Seite 38 von 40

Woodstock '99

Vom sonnig-gelben Hippie-Plakat darf man sich bloß nicht täuschen lassen: Woodstock '99 war ein Desaster. Am Ende des dritten Festivaltags brannte das Gelände lichterloh. Entfesselte, stinkwütende Zuschauerhorden legten den Veranstaltungsort buchstäblich in Schutt und Asche. Gleich zwei Dokumentationen arbeiteten sich im letzten Jahr an derselben Frage ab: Wie zum Teufel konnte das Event im Sommer des Jahres 1999 nur so aus dem Ruder laufen?

Führt man sich das organisatorische Totalversagen auf allen Ebenen vor Augen, fragt man sich hernach eher: Wie hätte das bitte NICHT eskalieren sollen? Nachdem sein erster Versuch, das legendäre Happening von 1969 wieder aufleben zu lassen, 1994 finanziell derbe gegen die Wand fuhr, wollte Veranstalter Michael Lang diesmal zur Abwechslung einmal wirklich Kohle machen. Er holte sich den so geschäftstüchtigen wie skrupellosen Kompagnon John Scher ins Boot. Gemeinsam versuchten die beiden den natürlich zum Scheitern verurteilten Spagat, zugleich schamlos Profit zu machen, an jedem denkbaren Ende zu sparen, das Ganze aber in flatternde Hippie-Gewänder und Love-Peace-Unity-Parolen zu wickeln.

Als dumm genug, um nicht zu merken, wie gnadenlos sie abgezockt wurden, entpuppten sich noch nicht einmal zugedröhnte Limp Bizkit-Jünger: Drei Tage lang briet den Fans, die ohne Schatten, ausreichend Wasser, funktionierende sanitäre Einrichtungen oder adäquate medizinische Versorgung auf dem Asphalt einer ehemaligen Militärbasis zusammengepfercht waren, die Sonne auf die Rüben.
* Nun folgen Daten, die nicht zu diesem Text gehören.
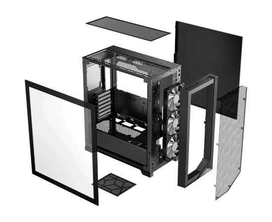 Корпус PcCooler C3D510 BK ARGB без БП, Tempered Glass Full Tower, Black, TG, 0.7 SPCC, 3x120mm E-ATX, ATX, mITX 170/390/410mm 2x2.5", 7xPCI
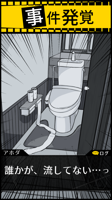 家のトイレに、流されていない暗黒物質が……。犯人に仕立て上げられた主人公は、無実を証明するために操作・推理を行います。あだ名が「ウ〇コマン」になる前に謎を解き明かせるか、主人公の名誉がかかっています。
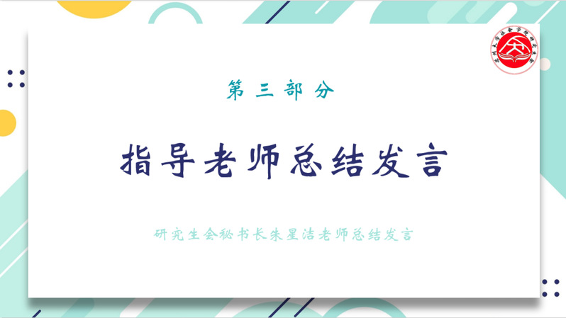 第三部分为指导老师总结发言。朱星洁老师对于研会工作发展提出了几点建议:
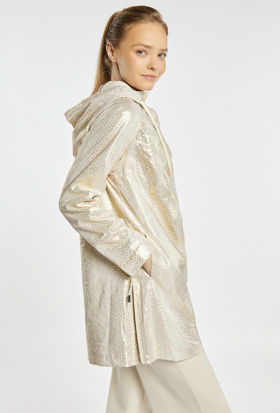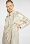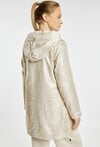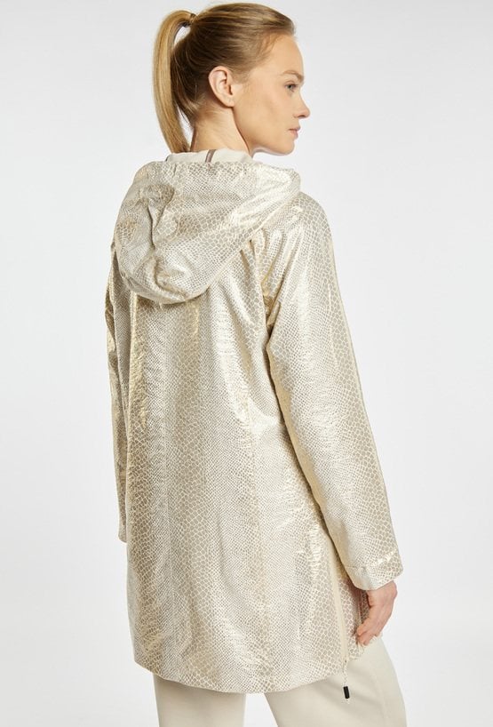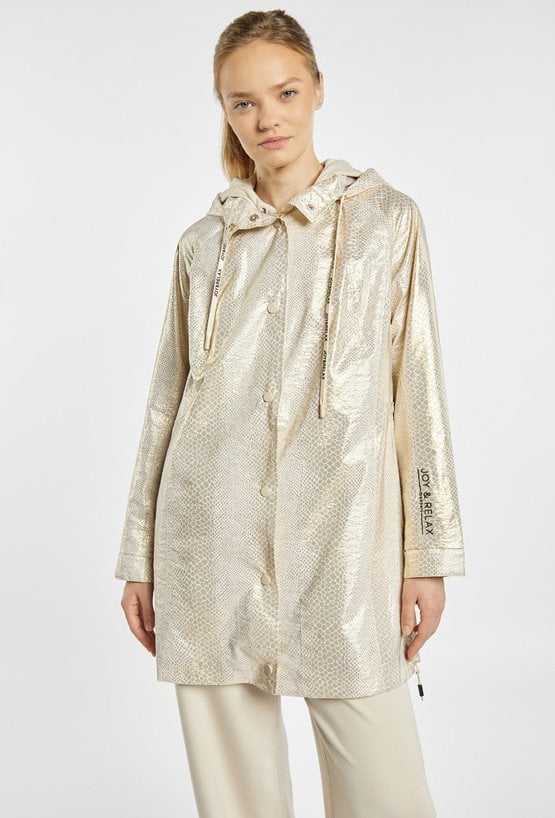 Płaszcz z kolekcji sportowej JOY&RELAX o lekkim, funkcjonalnym fasonie, z odpinanym kapturem, zapinany na napy, z kieszeniami po bokach i subtelnym połyskiem materiału, idealny na przejściowy sezon i do codziennych, sportowo-miejskich stylizacji. Modelka na zdjęciu ma 177 cm wzrostu i prezentuje rozmiar S.

Alkohol, Drogen, wenig deeskalierende Musik, etwa von Korn oder eben Limp Bizkit, und der sehr nachvollziehbare Zorn über die komplette Missachtung des Publikums seitens der Veranstalter erledigten den Rest.

Um dieses Pulverfass am Ende hochzujagen, hätte man beim Abschlusskonzert der Red Hot Chili Peppers nicht auch noch (ja, wirklich!) Kerzen und Streichholzheftchen verteilen müssen. Die Szenen, die die (haha!) brandaktuelle Dokumentation "Trainwreck: Woodstock '99" einfängt, wirken wie ein Mash-Up aus "Herr der Fliegen", "Apocalypse Now" und der Live-Berichterstattung aus einem Kriegsgebiet. Der Dreiteiler sollte eigentlich Teil jeder Event-Management-Ausbildung sein: als Lehrfilm darüber, wie man es keinesfalls machen darf.